GCC members to solve cross-border issues by creating logistics company

Talks are underway among members of the Gulf Cooperation Council (GCC) –Bahrain, Kuwait, Oman, Qatar, Saudi Arabia and United Arab Emirates – to establish a joint integrated logistics company.

Although a feasibility study is currently underway, according to reports, each country will have equal share in the company which is expected to begin operations by the third quarter of 2014. This logistics company will be based on a public-private partnership (PPP) model and will have offices in each of the member countries. It will focus on road transport, customs clearance, visa issuance and insurance and rail services may also be included once the GCC rail network begins tentatively set for 2017.

According to an article published in October, the proposed company would regulate the activities of companies and institutions involved in the GCC transportation sector. The secretary-general of the GCC’s federation of chambers noted that the proposed company would not compete with other logistics companies operating in the region but instead will determine how to remove obstacles. According to the secretary-general, “Investors in the transport sector need to address obstacles such as slow customs procedures, delays of trucks at border crossings and lack of standardized sampling and inspection arrangements. There is also inadequate technology in loading and unloading operations, poor infrastructure, high transport costs and the absence of services staff on a 24-hour basis at border points.”

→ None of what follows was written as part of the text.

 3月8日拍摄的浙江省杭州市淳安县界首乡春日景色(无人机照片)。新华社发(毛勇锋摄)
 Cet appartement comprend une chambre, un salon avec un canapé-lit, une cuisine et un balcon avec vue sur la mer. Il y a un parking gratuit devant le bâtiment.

Indeed, according to a recent survey conducted by Barloworld Logistics, respondents indicated that they face several constraints in expanding operations in the Middle East among which includes inconsistent cross-border trade rules within the region. Another concern is constant changes in government rules and regulations.

By creating such an entity focusing on the six member countries, it is quite possible that these issues and perhaps others may be resolved. However, questions such as fees, processes, standards, regulations and so on will need to be agreed upon. As such, there are more questions than answers at this point as discussions continue and the completion date of the feasibility study has not yet been made public.

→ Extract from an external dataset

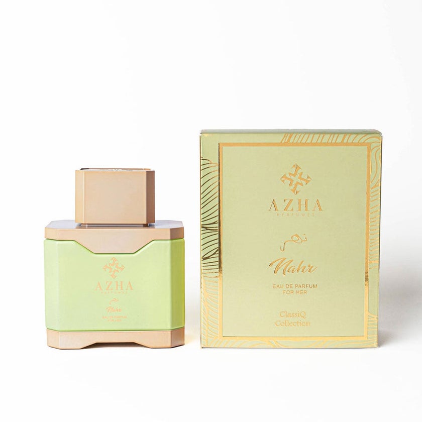 Azha Perfumes Nahr Eau De Parfum is a captivating floral oriental fragrance designed for the woman who leaves a lasting impression delicate yet daring, graceful yet unforgettable. This exquisite scent opens with a juicy and vibrant burst of litchi, bergamot, pear, and peony, creating a fresh and uplifting introduction that immediately draws attention. The fruity notes are bright and inviting, evoking a sense of elegance and playfulness that sets the tone for the fragrance's unfolding story. As Nahr develops, its heart reveals a sophisticated blend of rose, incense, leather, and everlasting flower. The rose brings classic floral romance, while incense adds a smoky, mystical edge. The leather note introduces a daring and sensual character, making the heart of this fragrance both complex and intriguing. The everlasting flower softens the composition with a gentle, lingering floral touch, striking a perfect balance between strength and femininity. The base of Nahr is warm and comforting, with rich layers of vanilla, amber, woody accords, and musk. These notes provide depth and longevity, enveloping the wearer in a cozy, sensual embrace. Vanilla adds a creamy sweetness, amber lends warmth and radiance, while the woody accords and musk create a smooth, grounding foundation that enhances the fragrance's overall allure. Nahr is ideal for women who want a scent that embodies both softness and power perfect for making a bold statement during the day or exuding elegant mystery at night. Whether worn at special events or for everyday sophistication, this fragrance captures the essence of modern femininity with its seamless blend of fresh, floral, and oriental elements. Presented in an elegant bottle that reflects its rich and layered nature, Azha Perfumes Nahr EDP For Women is more than just a fragrance- it's an expression of timeless beauty and captivating presence.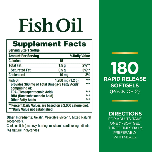 Nature'S Bounty Fish Oil Softgels, 1200Mg, 180 Ct, 2 Pack

Perhaps this may result in a consolidation in the fragmented domestic road freight market? Perhaps it may increase investments by international logistics providers? Implications for logistics providers also remain unknown. However, interest in the region is high as companies continue to invest and expand their operations within the region. For example, TNT Express recently announced that it had begun construction of its new road and air hub at Dammam’s King Fahd International Airport (KFIA) in Saudi Arabia. According to the company, the new facility, will enter service by January 2015 and will provide for customs clearance efficiency and speed.